> _What the task asks_
Only the lines below from the one containing "根据第三方机构 IHS iSuppli" to the one containing "当前位置: 首页 >广东省广州市纹身店-广州红墨坊纹艺纹身图案>鬼武士纹身图片_手臂腿部纹身图案" should be repeated, both included and unchanged.

> _Material supplied_
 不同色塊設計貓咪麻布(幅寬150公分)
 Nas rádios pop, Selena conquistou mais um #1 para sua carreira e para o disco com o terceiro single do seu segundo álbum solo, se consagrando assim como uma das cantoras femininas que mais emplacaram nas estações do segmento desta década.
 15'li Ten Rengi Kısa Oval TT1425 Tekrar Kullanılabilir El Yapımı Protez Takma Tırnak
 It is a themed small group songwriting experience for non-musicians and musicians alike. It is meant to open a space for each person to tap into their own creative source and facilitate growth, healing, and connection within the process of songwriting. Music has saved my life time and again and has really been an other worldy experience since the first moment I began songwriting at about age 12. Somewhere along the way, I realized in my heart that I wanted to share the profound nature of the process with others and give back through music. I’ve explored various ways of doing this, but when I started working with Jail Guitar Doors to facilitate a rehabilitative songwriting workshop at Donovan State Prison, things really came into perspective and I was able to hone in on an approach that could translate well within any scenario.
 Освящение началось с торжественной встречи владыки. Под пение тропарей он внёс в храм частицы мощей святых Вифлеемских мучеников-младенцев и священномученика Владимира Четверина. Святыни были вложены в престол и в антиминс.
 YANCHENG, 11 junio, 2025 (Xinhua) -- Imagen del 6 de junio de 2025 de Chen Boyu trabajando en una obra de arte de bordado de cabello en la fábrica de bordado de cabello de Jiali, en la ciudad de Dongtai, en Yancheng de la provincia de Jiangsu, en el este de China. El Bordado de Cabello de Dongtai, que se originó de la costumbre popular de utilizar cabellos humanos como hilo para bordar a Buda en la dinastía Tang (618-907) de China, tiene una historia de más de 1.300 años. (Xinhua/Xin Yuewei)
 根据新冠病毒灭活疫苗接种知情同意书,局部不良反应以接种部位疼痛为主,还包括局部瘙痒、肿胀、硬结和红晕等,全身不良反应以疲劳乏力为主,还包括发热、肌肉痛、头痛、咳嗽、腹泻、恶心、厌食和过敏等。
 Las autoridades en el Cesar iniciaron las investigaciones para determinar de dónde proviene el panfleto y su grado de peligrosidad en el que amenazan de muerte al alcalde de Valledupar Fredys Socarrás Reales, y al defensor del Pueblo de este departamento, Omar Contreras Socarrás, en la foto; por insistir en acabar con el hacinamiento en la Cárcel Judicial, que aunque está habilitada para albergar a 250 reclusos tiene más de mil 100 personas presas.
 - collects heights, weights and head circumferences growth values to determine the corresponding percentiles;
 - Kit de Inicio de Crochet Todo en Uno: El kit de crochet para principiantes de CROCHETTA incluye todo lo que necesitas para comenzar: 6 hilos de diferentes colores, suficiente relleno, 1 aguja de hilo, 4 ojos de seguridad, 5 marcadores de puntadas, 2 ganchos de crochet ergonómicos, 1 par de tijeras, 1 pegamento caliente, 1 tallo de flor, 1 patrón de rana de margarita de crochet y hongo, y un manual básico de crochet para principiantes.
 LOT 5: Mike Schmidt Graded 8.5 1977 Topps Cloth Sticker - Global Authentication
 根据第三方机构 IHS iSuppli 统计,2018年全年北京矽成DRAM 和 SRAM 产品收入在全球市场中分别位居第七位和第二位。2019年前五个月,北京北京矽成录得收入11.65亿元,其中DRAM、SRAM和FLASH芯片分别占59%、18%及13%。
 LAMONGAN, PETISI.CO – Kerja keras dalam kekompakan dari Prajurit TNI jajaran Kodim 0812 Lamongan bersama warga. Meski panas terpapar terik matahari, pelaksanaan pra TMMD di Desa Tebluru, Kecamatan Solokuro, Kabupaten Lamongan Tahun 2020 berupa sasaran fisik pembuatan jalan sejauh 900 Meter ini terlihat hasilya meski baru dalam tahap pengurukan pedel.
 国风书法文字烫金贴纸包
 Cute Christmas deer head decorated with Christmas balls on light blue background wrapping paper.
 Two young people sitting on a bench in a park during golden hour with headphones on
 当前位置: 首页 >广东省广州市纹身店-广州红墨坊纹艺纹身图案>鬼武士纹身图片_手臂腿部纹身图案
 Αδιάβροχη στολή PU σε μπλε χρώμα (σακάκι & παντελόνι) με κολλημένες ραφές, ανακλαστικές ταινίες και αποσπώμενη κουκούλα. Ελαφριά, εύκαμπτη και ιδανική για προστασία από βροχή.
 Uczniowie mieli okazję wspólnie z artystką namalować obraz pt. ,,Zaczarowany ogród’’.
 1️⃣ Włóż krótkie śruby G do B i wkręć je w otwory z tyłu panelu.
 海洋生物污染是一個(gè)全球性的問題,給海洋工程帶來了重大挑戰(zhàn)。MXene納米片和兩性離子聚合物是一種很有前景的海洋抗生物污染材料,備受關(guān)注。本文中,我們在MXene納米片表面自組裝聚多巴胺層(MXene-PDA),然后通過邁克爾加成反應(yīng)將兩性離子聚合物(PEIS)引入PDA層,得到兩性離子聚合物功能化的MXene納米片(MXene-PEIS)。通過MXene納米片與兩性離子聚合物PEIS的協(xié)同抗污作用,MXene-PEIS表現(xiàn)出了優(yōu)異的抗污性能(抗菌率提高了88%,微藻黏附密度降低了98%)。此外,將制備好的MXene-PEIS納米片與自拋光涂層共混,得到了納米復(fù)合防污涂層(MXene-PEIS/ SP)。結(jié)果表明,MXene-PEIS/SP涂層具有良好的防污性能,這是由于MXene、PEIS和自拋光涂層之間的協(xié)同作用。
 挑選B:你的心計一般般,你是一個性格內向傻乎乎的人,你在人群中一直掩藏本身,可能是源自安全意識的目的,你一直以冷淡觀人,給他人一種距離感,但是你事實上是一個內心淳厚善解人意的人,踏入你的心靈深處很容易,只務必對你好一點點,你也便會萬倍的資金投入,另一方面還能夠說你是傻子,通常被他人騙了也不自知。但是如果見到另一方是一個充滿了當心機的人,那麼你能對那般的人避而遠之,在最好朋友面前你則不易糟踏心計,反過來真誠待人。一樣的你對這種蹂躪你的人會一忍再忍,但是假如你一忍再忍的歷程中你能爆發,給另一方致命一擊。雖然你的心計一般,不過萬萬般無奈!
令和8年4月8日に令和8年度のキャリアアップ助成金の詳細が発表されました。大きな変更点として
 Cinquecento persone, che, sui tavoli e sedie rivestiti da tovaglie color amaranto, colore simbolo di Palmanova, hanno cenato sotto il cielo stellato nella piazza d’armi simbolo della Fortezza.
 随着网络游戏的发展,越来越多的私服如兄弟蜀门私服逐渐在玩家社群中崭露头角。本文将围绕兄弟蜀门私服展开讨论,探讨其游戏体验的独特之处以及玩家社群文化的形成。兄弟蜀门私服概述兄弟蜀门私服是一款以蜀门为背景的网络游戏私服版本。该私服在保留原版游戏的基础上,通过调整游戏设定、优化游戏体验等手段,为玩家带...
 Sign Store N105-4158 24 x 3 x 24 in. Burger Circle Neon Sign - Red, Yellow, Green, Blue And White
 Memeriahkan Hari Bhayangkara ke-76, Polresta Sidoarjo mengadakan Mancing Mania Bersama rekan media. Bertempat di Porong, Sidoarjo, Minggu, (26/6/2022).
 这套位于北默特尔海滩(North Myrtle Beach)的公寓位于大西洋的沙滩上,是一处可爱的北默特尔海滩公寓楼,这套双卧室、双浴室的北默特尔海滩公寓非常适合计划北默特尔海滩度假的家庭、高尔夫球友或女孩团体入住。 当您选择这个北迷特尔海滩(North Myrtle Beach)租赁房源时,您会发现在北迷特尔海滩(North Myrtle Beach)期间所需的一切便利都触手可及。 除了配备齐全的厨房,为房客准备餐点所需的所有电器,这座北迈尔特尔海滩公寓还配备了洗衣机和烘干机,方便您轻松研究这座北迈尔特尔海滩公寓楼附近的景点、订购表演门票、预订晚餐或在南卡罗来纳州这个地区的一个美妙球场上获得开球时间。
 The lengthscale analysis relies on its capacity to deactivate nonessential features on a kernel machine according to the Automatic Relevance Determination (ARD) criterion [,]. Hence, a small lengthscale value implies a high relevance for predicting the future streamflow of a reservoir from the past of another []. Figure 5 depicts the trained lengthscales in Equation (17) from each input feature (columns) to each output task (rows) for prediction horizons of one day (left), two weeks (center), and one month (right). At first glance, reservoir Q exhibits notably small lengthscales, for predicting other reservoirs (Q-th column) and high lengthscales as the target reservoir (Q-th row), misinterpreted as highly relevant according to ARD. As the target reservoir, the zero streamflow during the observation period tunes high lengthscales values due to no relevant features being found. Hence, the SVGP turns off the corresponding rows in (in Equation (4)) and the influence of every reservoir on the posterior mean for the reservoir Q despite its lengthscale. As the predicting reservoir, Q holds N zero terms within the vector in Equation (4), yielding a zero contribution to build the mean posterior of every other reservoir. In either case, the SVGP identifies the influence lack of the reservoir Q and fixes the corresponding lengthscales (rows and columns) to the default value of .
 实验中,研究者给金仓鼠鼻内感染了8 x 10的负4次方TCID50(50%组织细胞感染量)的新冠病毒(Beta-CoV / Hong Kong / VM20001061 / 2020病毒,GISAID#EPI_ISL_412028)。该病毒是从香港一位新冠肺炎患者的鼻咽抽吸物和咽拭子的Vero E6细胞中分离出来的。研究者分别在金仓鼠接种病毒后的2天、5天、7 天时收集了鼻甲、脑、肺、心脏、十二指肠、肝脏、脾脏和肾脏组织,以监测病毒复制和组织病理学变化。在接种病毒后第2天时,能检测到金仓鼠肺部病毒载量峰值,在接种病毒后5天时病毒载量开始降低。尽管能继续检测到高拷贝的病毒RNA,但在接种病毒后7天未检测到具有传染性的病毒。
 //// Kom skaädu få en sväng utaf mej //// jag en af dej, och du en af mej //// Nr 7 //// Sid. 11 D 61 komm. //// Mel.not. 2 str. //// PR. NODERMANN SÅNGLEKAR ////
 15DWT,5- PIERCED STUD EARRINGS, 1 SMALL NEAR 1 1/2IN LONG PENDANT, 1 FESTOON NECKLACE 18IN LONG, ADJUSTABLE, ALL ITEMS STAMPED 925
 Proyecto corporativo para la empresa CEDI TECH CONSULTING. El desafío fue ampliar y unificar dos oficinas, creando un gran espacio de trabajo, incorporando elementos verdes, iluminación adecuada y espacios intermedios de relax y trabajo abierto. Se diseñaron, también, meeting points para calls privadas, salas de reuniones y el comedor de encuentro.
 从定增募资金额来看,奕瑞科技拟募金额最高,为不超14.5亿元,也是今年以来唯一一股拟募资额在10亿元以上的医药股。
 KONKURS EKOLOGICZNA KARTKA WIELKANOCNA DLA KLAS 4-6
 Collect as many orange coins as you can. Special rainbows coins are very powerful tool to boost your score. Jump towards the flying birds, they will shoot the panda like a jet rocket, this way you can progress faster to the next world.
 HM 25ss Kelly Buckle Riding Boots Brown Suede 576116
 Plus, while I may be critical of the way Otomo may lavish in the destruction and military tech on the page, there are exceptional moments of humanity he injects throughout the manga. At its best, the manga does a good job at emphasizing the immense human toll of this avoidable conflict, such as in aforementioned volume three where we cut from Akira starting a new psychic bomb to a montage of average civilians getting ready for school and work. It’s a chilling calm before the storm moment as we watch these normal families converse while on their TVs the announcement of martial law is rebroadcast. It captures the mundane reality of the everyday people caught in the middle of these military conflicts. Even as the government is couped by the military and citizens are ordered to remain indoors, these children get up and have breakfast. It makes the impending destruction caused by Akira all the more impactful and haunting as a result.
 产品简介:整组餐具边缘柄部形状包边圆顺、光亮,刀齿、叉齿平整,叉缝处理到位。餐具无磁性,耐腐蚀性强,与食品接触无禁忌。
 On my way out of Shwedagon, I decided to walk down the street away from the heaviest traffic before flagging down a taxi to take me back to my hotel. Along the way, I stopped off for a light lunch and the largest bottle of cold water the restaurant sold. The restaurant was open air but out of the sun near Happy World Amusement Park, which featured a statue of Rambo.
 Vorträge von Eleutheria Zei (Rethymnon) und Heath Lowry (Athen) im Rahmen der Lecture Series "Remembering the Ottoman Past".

> _Reply_
 根据第三方机构 IHS iSuppli 统计,2018年全年北京矽成DRAM 和 SRAM 产品收入在全球市场中分别位居第七位和第二位。2019年前五个月,北京北京矽成录得收入11.65亿元,其中DRAM、SRAM和FLASH芯片分别占59%、18%及13%。
 LAMONGAN, PETISI.CO – Kerja keras dalam kekompakan dari Prajurit TNI jajaran Kodim 0812 Lamongan bersama warga. Meski panas terpapar terik matahari, pelaksanaan pra TMMD di Desa Tebluru, Kecamatan Solokuro, Kabupaten Lamongan Tahun 2020 berupa sasaran fisik pembuatan jalan sejauh 900 Meter ini terlihat hasilya meski baru dalam tahap pengurukan pedel.
 国风书法文字烫金贴纸包
 Cute Christmas deer head decorated with Christmas balls on light blue background wrapping paper.
 Two young people sitting on a bench in a park during golden hour with headphones on
 当前位置: 首页 >广东省广州市纹身店-广州红墨坊纹艺纹身图案>鬼武士纹身图片_手臂腿部纹身图案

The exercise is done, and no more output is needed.